__EXERCISE__: I'd like the data below restated word for word, with the pictures left out.

__INFORMATION SUPPLIED__:
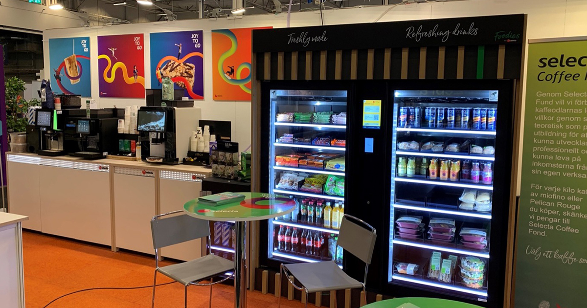 Nu när de flesta är tillbaka på kontoret igen efter pandemin fortsätter det vara trendigt att ta extra väl hand om sin personal. Selecta fanns på plats på mässan och erbjöd kaffe-, te- och matlösningar tillsammans med leverantören Tekompaniet. Extra intressant var deras smarta kylar med viktkänsliga hyllor – en teknik som ett Borås-företag ligger bakom.
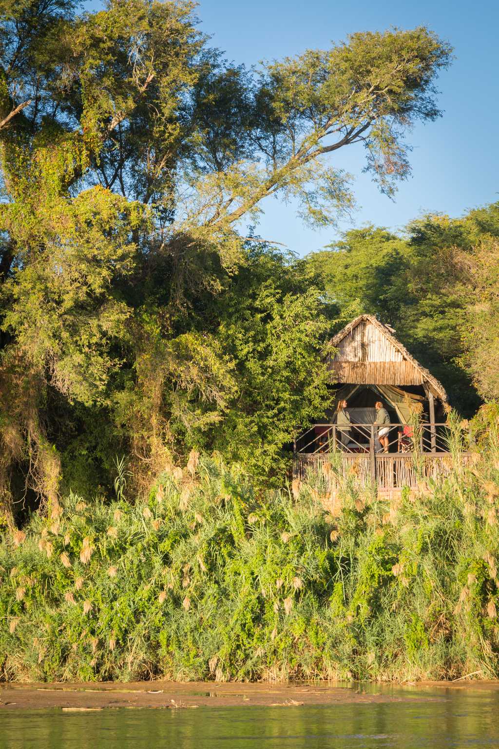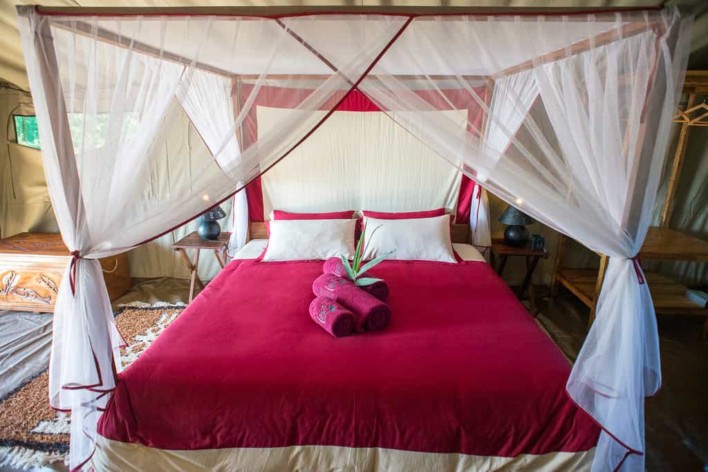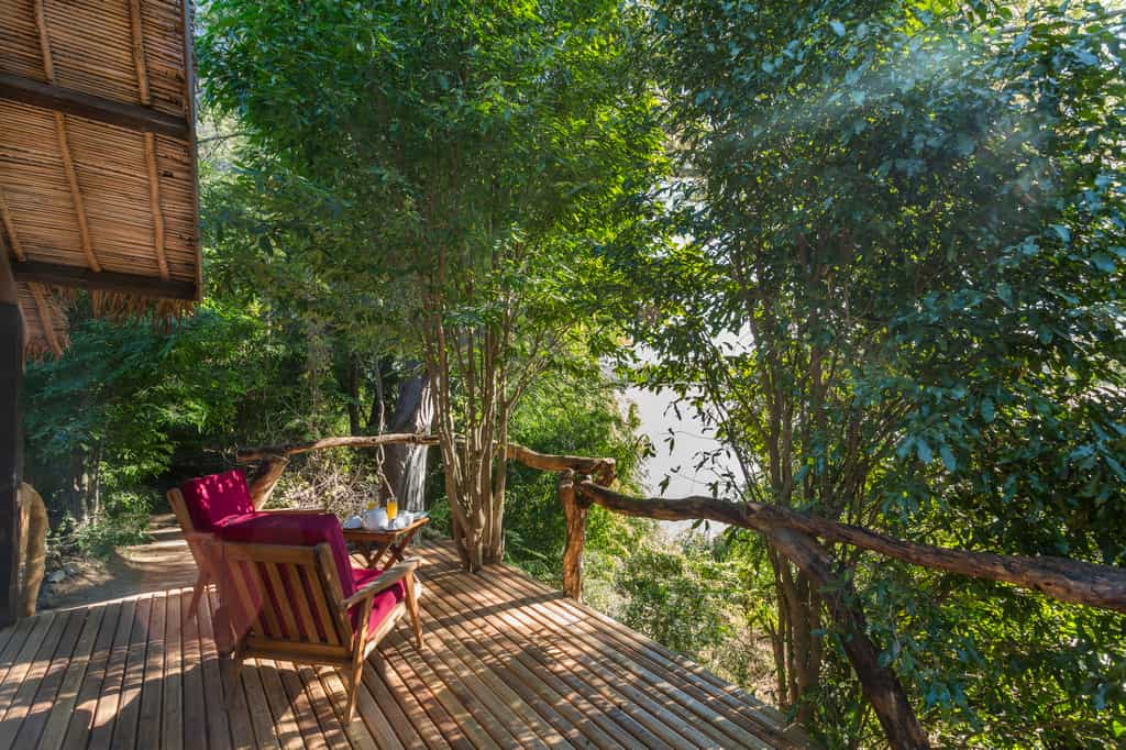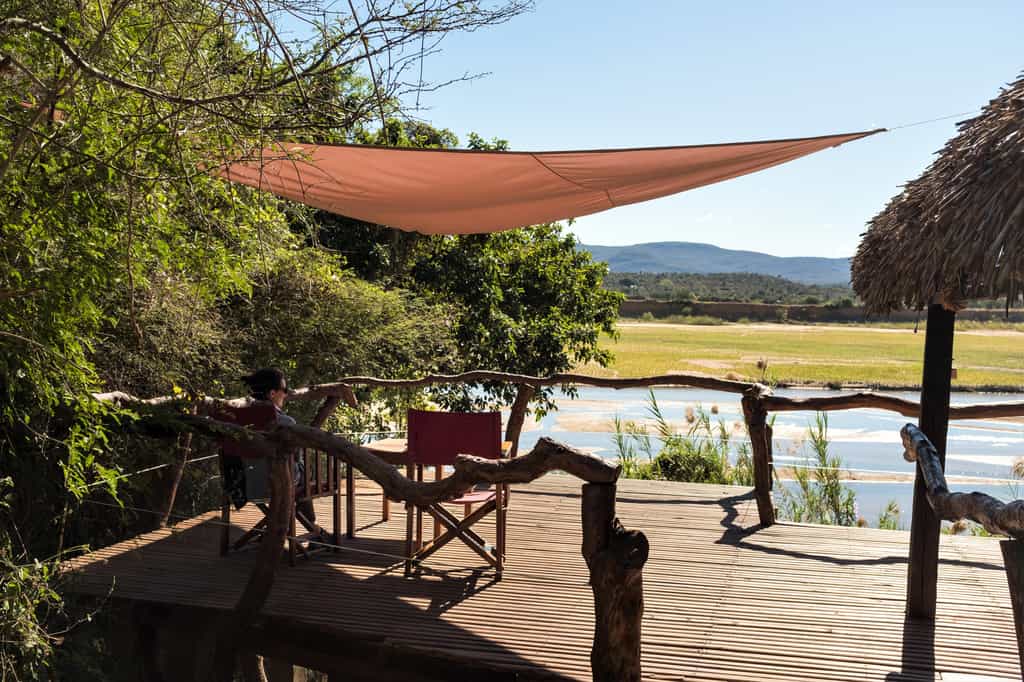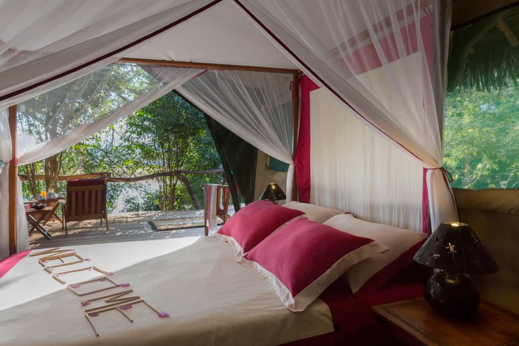 Six canvas tents on raised timber decks are spread along the riverbank beneath the tamarind trees. All have views over the water and distant mountains from their private deck. Attractive interiors feature hand-carved Malagasy furniture and vast four-poster beds, under mosquito nets, with tropical-inspired pops of colour blending beautifully with the cool natural materials. Spacious en-suite bathrooms have unusual stone walls, with bucket showers filled with hot water on request. Extra beds are available for children.
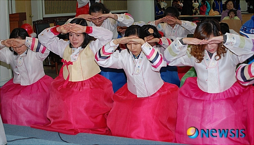 -여자는 오른손이 위로가게 포개잡고(공수·拱手) 손을 어깨 높이까지 들어 시선은 손등을 본다

__WRITTEN REPLY__:
 Nu när de flesta är tillbaka på kontoret igen efter pandemin fortsätter det vara trendigt att ta extra väl hand om sin personal. Selecta fanns på plats på mässan och erbjöd kaffe-, te- och matlösningar tillsammans med leverantören Tekompaniet. Extra intressant var deras smarta kylar med viktkänsliga hyllor – en teknik som ett Borås-företag ligger bakom.
 Six canvas tents on raised timber decks are spread along the riverbank beneath the tamarind trees. All have views over the water and distant mountains from their private deck. Attractive interiors feature hand-carved Malagasy furniture and vast four-poster beds, under mosquito nets, with tropical-inspired pops of colour blending beautifully with the cool natural materials. Spacious en-suite bathrooms have unusual stone walls, with bucket showers filled with hot water on request. Extra beds are available for children.
 -여자는 오른손이 위로가게 포개잡고(공수·拱手) 손을 어깨 높이까지 들어 시선은 손등을 본다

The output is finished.